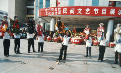 “笑爾胸中無一物,本來朽木制為身。衣冠也學詩文輩,面貌能驚市井人。得意那知當局丑,旁觀莫認戲場真?v教四肢能靈活,不借提撕不屈伸。”鄭板橋的《詠傀儡》一詩除了諷喻時俗外,也對木偶藝術作了惟妙惟肖的描繪。 “……凡事由人陰簸弄,此身枉自負昂藏。木偶也冠裳。”清末黃鼎銘《望江南百調》中也描寫了泰興木偶戲的演出情景。 唐韋旬《劉賓客佳話錄》記載:大司徒社公在維揚入市看盤鈴傀儡。盤鈴傀儡是一種在伴奏下表演的木偶戲。 這些都說明了當時這里木偶戲的盛行。 木偶戲,古稱傀儡子、魁儡子,亦稱傀儡戲。春秋戰國時期稱木偶為俑。始作喪家祭祀之用。從俑發展到傀儡戲,經歷了漫長的階段。湖南出土的樂俑就是一種殉葬品?芗词怯少傅男螤睿7氯嘶颢F的動態制作而成。關于這一點,在《續漢書 五行志》和《唐書 音樂志》中均有記載。唐代段安節《樂府雜錄》中有這樣的傳說:漢高祖劉邦起兵自登時,為匈奴單于冒頓所困,護軍都尉陳軍獻計,制木偶豎城頭以退兵?梢妰汕Ф嗄昵暗哪九季湍“歌”善“舞”。唐代傳至維揚地區。 泰興自古物產豐富,生產勞作之余,人們把看戲作為最佳消遣,使花費不多的民間小戲和木偶戲有了良好的生存空間和發展條件。清代乾隆年間,泰興有“蘇北木偶之鄉”的稱譽,其杖頭木偶與泉州的提線木偶、漳州的布袋木偶齊名。資料記載,泰興的杖頭木偶大約于清朝道光二十年(1840年)前從安徽傳入。 泰興杖頭木偶又被稱為“托偶”或者“托戲”,俗稱“三根棒”或是“三根棍”。是用三根木棒操縱。其中一根支撐木偶頭部,稱為主棒或面棒,耳、眼、鼻、嘴均能閉合張開,眼珠轉動,頭頸上下左右扭轉;另兩根棒操縱木偶人的雙手,又稱“手挑子”。表演時,演者兩手能運用自如、靈活準確地把握手中的各種道具,被稱為手挑子或手扦子。泰興杖頭木偶全長有一米左右,比一般同類木偶大,平底沒有腿,如果需要表演腿部動作,另制作雙腿由演員配合操縱,稱之為“配腿”或“配腳”。表演講究舉動、捻功和步功。操縱時,講究的是穩、準、正、平,并注意借鑒戲劇演員的水袖、步亮相、鷂子翻身等表演程式,以揭示劇中人物內心活動。 泰興杖頭木偶在歷史上有“神像”和“人像”兩大流派,在造型和表演方面各有特長。“神像”是方頭大耳,粗獷傳神;“人像”細膩逼真,近似真人。 木偶戲班多數是由家族成員組成實行家傳世襲的班主制。有時也雇傭一些木偶藝人,這些成員大多數是半農半藝,農忙時種地,農閑時唱戲。 木偶戲班多是在農家婚慶喜事、傳統節日、迎神賽會而應招前往助興。演出的場地不受限制,在場院、宅院、草坪上都可以演出。 民國時期,泰興木偶戲班最多時達117家,活躍于市井、鄉村。1959年,這些戲班合并為3個木偶劇團,演出范圍北至沈陽,南至湖南,東至長江兩岸,在上海大世界游樂場演出長達數月,頗受歡迎。1968年,各個木偶劇團調整合并為泰興縣木偶劇團,1971年,在蘇州市為西哈努克親王訪華團作專場演出。1973年,泰興木偶劇團被揚州地區接收,改名為揚州地區木偶劇團。但是仍有業余劇團活躍在泰興農村,代代相傳。一直到今天,我們還能在泰興農村看到木偶戲的表演。 木偶戲,由木偶、操縱演員、配音演員和樂隊四部分組成,多用戲曲曲調演出,有的用對話或歌舞表演。從前木偶造型比較機械,表演古裝戲的木偶僅由三根棒構成,身軀干癟,目瞪口呆,有膀無腿。后來經過泰興木偶工廠技師的精心設計,使木偶的人物形象生動,個性特別鮮明,表演時有喜怒哀樂的感情,有輕柔堅強的動作,有能唱善白的語言,木偶的頭、眼睛、嘴巴、手、足都能活動自如,唱白時嘴巴隨著曲調的旋律啟閉,眼睛也隨著表演的動作轉動。從目光、動作可看出木偶是高興,還是憂愁,是憤怒,還是憎恨。木偶的手,送物取件,擊鼓彈琴,騎車劃船,躍馬揚鞭,皆能動作敏捷,還能自己打火抽煙。人們稱贊說:木頭人,木頭人,真正像個人!木偶戲,木偶戲,活像真人在演戲。 泰興木偶戲初從安徽傳入時,唱腔為徽腔,后改為京劇,并逐步發展,形成了平穩剛勁、細膩傳神的藝術風格。 泰興木偶戲的劇本均為口頭傳承,保留了民間鮮活的語言,在文學性基礎上,兼具民間性。泰興木偶戲劇目豐富,在保留劇目(含折子戲)中,既有京劇傳統劇目,神話劇目,也有現代戲。 木偶服裝均由藝人自行設計,鄉間裁縫縫制,這樣能節約成本。 所用樂器有京胡、二胡、鼓、鑼、拔子等,主要是祖傳得來的,也有部分是購買的。 泰興杖頭木偶均系祖傳,最真實地保留了杖頭木偶這一融雕刻藝術和操縱藝術于一體的綜合藝術的“文物道具”。 在傳統節日中,如春節、元宵節等人們都會請來戲班熱鬧一下。或者家中有大事,如生子、進宅、祝壽、孩子考取大學等,還有為生病痊愈或是為其他事酬神還愿的也要請來戲班祝賀,另外喪事出殯也有請戲班子的,以酬謝賓客。全村莊的男女老少,以及外村莊的都可以前去觀看。 劇團一般把臺面做成樓臺式小舞臺,二米多高,三米多寬,搭在村頭的空地和打麥場上,也可在鄉村集市的綠樹叢中。到要開演時,“主家”即邀請者,便燃放起“天地響”和“長鞭”,告知鄉親們,戲班演出即將開始了。有的人家還在村口遠遠地插上彩旗,一路上一直插到演出場所,把賓客引到戲臺前。戲班正式開演時,民眾常常會要求加演“跳加官”
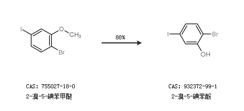 1.通過2-溴-5-碘苯甲醚合成2-溴-5-碘苯酚,收率約88%;
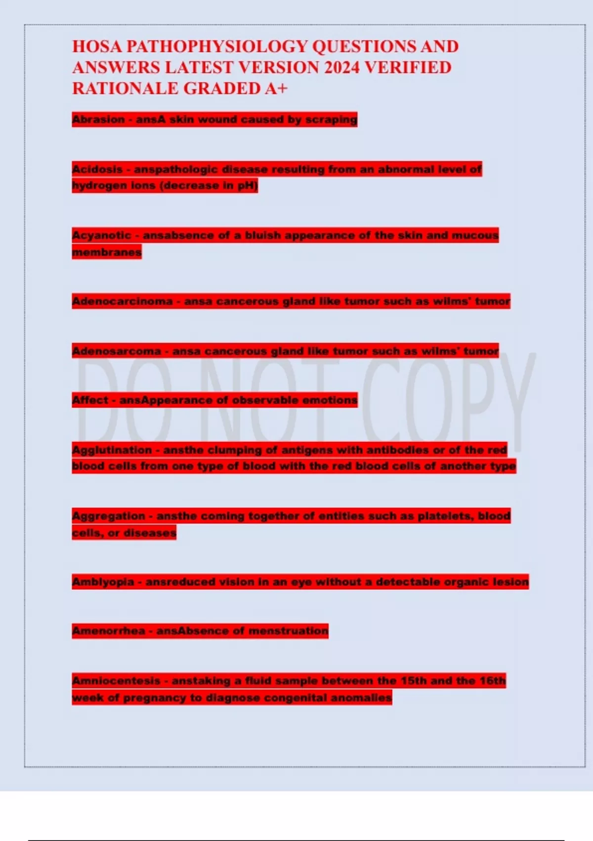 HOSA PATHOPHYSIOLOGY QUESTIONS AND ANSWERS LATEST VERSION 2024 VERIFIED
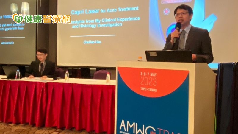 ▲許哲豪院長在今年2023世界美容醫學高峰會亞洲大會及臺灣皮膚科醫學會春季學術研討會分享藍雷射
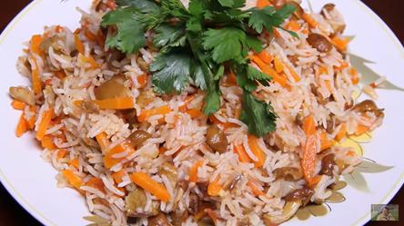 За 3-4 минуты до полной готовности добавьте в блюдо несколько тонких ломтиков сливочного масла, тогда рис получится очень нежным и рассыпчатым, а грибы – мягкими и сочными. Перед подачей тщательно перемешайте, украсьте листьями свежей петрушки.
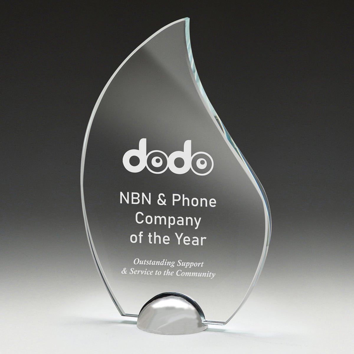 Affordable and stylish glass awards feature a bold design that may be well suited to your event or presentation. Supplied in gift box.
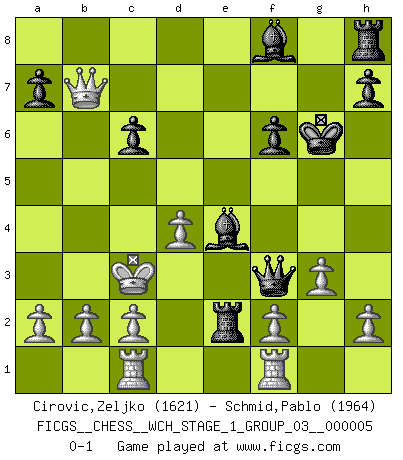 Last move : 0-1 2008 July 25 13:57:2 [Event "FICGS__CHESS__WCH_STAGE_1_GROUP_03__000005"] [Site "FICGS"] [Date "2008.07.08"] [Round "1"] [White "Cirovic,Zeljko"] [Black "Schmid,Pablo"] [Result "0-1"] [WhiteElo "1621"] [BlackElo "1964"] 1.e4 e5 2.Nf3 Nc6 3.Bb5 f5 4.d4 fxe4 5.Bxc6 dxc6 6.Nxe5 Qh4 7.g3 Qh3 8.Qe2 Qg2 9.Rf1 Bh3 10.Nd2 Nf6 11.Nef3 Bg4 12.Nxe4 Bxf3 13.Nxf6+ Kf7 14.Qe5 gxf6 15.Qxc7+ Kg6 16.Qxb7 Re8+ 17.Be3 Rxe3+ 18.Kd2 Re2+ 19.Kc3 Be4 20.Rac1 Qf3+ 0-1 Comment by player 1 : Zeljko Cirovic : experimental chess Comment by player 2 : Pablo Schmid : Indeed, 7.g3 seems to be a novelty ;) Ruy Lopez : Schliemann defense Player Black won this chess game. Follow this game move after move (download)What is the difference between chess and football? Everybody understands football, but nobody plays it. Everybody plays chess, but nobody understands it. Everything is relative. (Vladimir Kramnik) Um sich vor der Gefahr einer Erkältung zu schützen, sorge der wanderlustige König beizeiten für ein brauchbares Versteck. (Aaron Nimzowitsch) Cuando me preguntan: -¿Cual es el secreto que te hace hacer mejores movidas que tus oponentes?, Yo respondo: Me da gusto que me pregunten eso, porque, como veran, hay una simple razón. Yo pienso mis propias movidas y dejo a mi oponente que el piense las suyas. (Alexander Alekhine) J'ai vu le vaincu d'Echecs jouer des années durant dans l'espoir de la fête de la victoire. Car tu es plus riche de ce qu'elle existe si même elle n'est point pour toi. Ainsi de la perle du fond des mers. (Antoine de Saint-Exupéry) Those parts of the system that you can hit with a hammer (not advised) are called hardware; those program instructions that you can only curse at are called software. (Anonymous)

▶ [Work item]
From the records above, give again only the part that opens with the line containing "HOSA PATHOPHYSIOLOGY QUESTIONS" and closes with the line containing "Affordable and stylish". Keep both ends but drop the pictures.

▶ [Exercise solution]
 HOSA PATHOPHYSIOLOGY QUESTIONS AND ANSWERS LATEST VERSION 2024 VERIFIED
 ▲許哲豪院長在今年2023世界美容醫學高峰會亞洲大會及臺灣皮膚科醫學會春季學術研討會分享藍雷射
 За 3-4 минуты до полной готовности добавьте в блюдо несколько тонких ломтиков сливочного масла, тогда рис получится очень нежным и рассыпчатым, а грибы – мягкими и сочными. Перед подачей тщательно перемешайте, украсьте листьями свежей петрушки.
 Affordable and stylish glass awards feature a bold design that may be well suited to your event or presentation. Supplied in gift box.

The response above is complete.